URL: http://jrdms.dentaliau.ac.ir/article-1-184-fa.html


چکیده:   (3828 مشاهده)
Background and Aim: This study aimed to evaluate the effect of repeated bonding by self-etching primers (SEPs) and a conventional phosphoric acid-etchant on shear bond strength (SBS), adhesive remnant index (ARI), and enamel morphology at different debonding time points.

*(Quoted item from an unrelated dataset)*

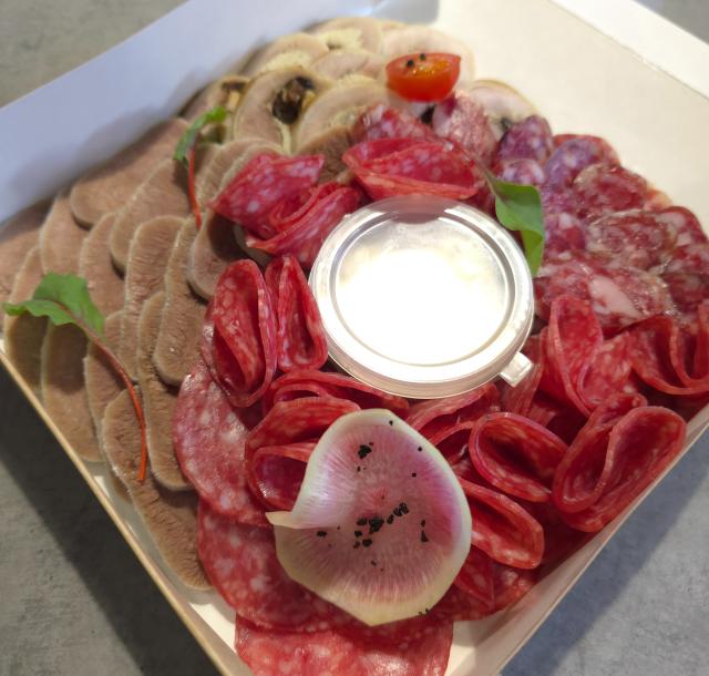 Руляда с черносливом и омлетом, язык говяжий отварной, салями, домашняя колбаса с/в, французский соус, зелень.

Materials and Methods: In this experimental study, 120 premolars were randomly divided into six groups of 20. In the first three groups, the brackets were bonded by Transbond XT, Transbond Plus, and Beauty Ortho Bond, and were debonded after 30 minutes. Adhesive remnants were removed from the enamel surface by a tungsten carbide bur. Rebonding was done with new brackets as described. The remaining three groups were debonded after aging. The SBS, ARI, and enamel surface morphology were evaluated. The SBS data were analyzed by two-way analysis of variance (ANOVA). The ARI scores were compared by using Mann-U-Whitney and Kruskal-Wallis tests.
Results: The SBS of Transbond XT in the first debonding was significantly higher than that of Transbond Plus. Transbond Plus showed a higher SBS than Beauty Ortho Bond. In the second debonding, the SBS values of Transbond XT and Transbond Plus were not significantly different, but their SBS values were significantly higher than that of Beauty Ortho Bond. SEPs showed a higher bond strength in the second bonding compared to the first bonding. Scanning electron microscopy (SEM) showed more porosity in the enamel surface before the second bonding compared to the first bonding. The SBS of Beauty Ortho Bond significantly decreased after aging, and SEM images showed a gap at the resin-enamel interface.
Conclusion: SEPs are recommended for secondary bonding in the clinical setting due to a decreased chair time, less damage to enamel, and an adequate bond strength.